In der Regel wünschen sich Angstpatienten schnelle Hilfe, wenn es zu einer Panikattacke kommt. CBD in Form von Öl oder Kapseln eignen sich aufgrund ihrer sofortigen Wirkung ideal zur Notfallbehandlung, sollte es unterwegs zu einer Panikattacke kommen. Die lähmende Panikattacke wird vom Cannabidiol sofort eingedämmt und kann gestoppt werden, ehe sie ihren Höhepunkt erreicht hat.

Leidet man also unter Angststörungen, ist es ratsam, sein CBD in Tropfen- oder Kapselform immer bei sich zu haben, um sofort auf die Angst reagieren zu können.

Weitere Tipps für den Notfall

Merkt man, dass eine Panikattacke auf einen zukommt, gibt es einige Basics, auf die man zurückgreifen kann, um diese abzuschwächen.

1. Durch den Bauch atmen

Besonders bei wachsender Angst ist es wichtig, auf die eigene Atmung zu achten. Atmet man zu flach oder setzt man aus, kann eine Panikattacke erst entstehen. Langsames, tiefes Atmen kann helfen, sich etwas zu beruhigen.

2. Gedanken umlenken

Einfach, aber wirksam! Ist eine Attacke im Anmarsch, sollte man sich auf etwas anderes konzentrieren und die Gedanken gezielt umlenken. Man sollte versuchen die körperlichen Anzeichen nicht weiter zu beachten und sich stattdessen auf etwas anderes zu konzentrieren.

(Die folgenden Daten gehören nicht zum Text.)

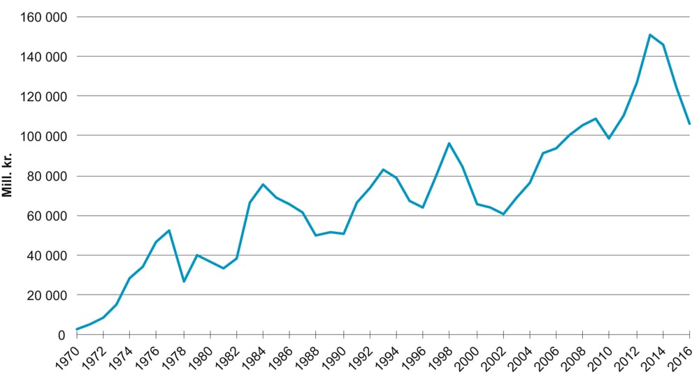 I realverdi når petroleumssektoren holdes utenfor. NOU 2015: 1. (2015). Produktivitet – grunnlag for vekst og velstand. Oslo: FIN. Produktivitetskommisjonen skriver videre at «Bare siden 1970 har de samlede inntektene for landet økt med 273 pst. Petroleumssektorens bidrag til denne veksten er betydelig, men det er først og fremst produktivitetsveksten i fastlandsøkonomien som bestemmer vår velstand.»
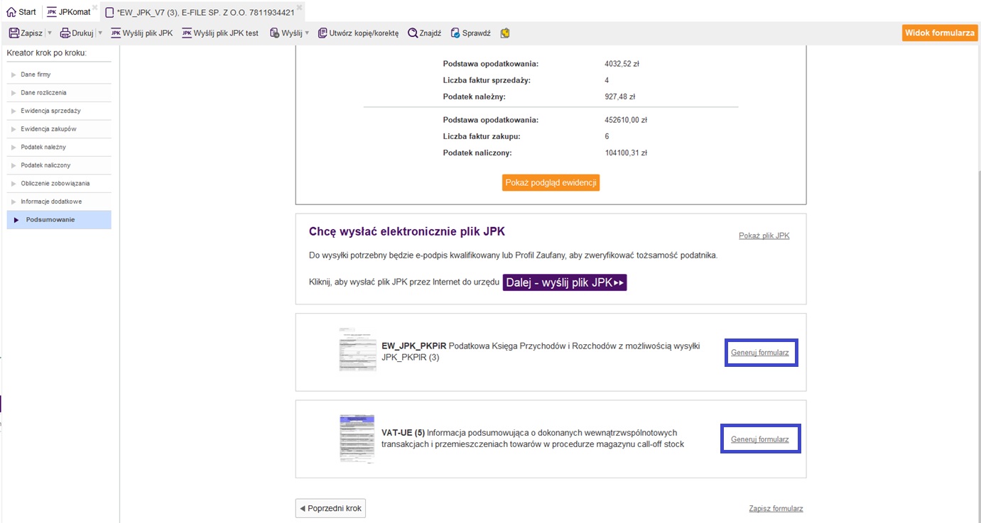 W tym kroku również możemy wygenerować PKPiR oraz VAT-EU klikając 'Generuj formularz'.
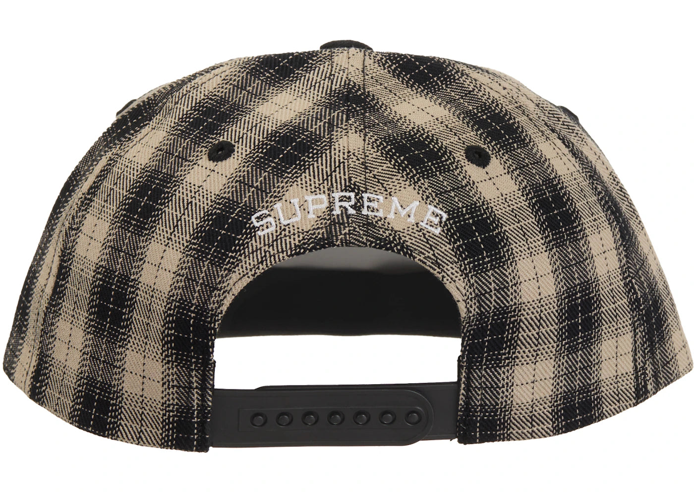 Supreme Script Logo 6-Panel Cap (SS24) Black Plaid
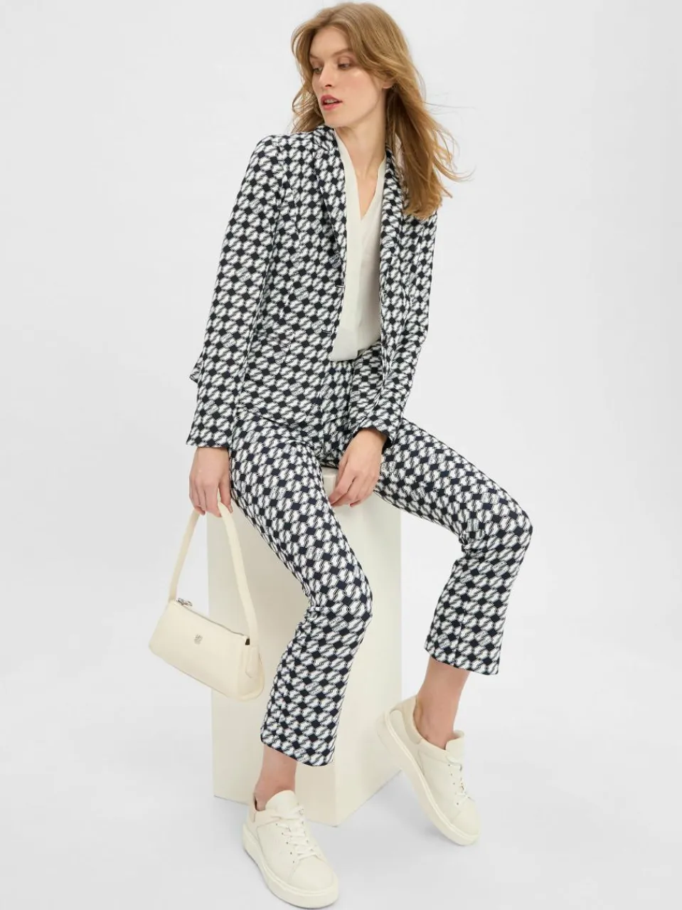 Im Print-Design und mit klassischen Details wie Revers und Knöpfen präsentiert sich der Blazer von Marc Cain Sports als modernes Update für verschiedene Looks.

3. Die Angst durchgehen- oder loslassen

Auch wenn man seine Gedanken umlenken und nicht auf die Panik versteifen sollte, ist es nicht gut, eine Panikattacke zu verdrängen. Je mehr man sich gegen die Panik wehrt, desto stärker kann diese auch zurückkommen. Die Angst sollte deswegen zugelassen, aber nicht als Gegner betrachtet werden. Wird jemandem bewusst, dass im Grunde nichts passiert, kommt die Attacke beim nächsten mal eventuell schon schwächer.

4. Die Muskeln entspannen

Panikattacken werden von Anspannungen begünstigt und verstärkt. Hat man eine Panikattacke, sollte man sich auf jeden einzelnen Körperteil konzentrieren und diesen entspannen. Insbesondere die Muskeln im Gesicht, in den Schultern oder im Po werden in Angstsituationen angespannt.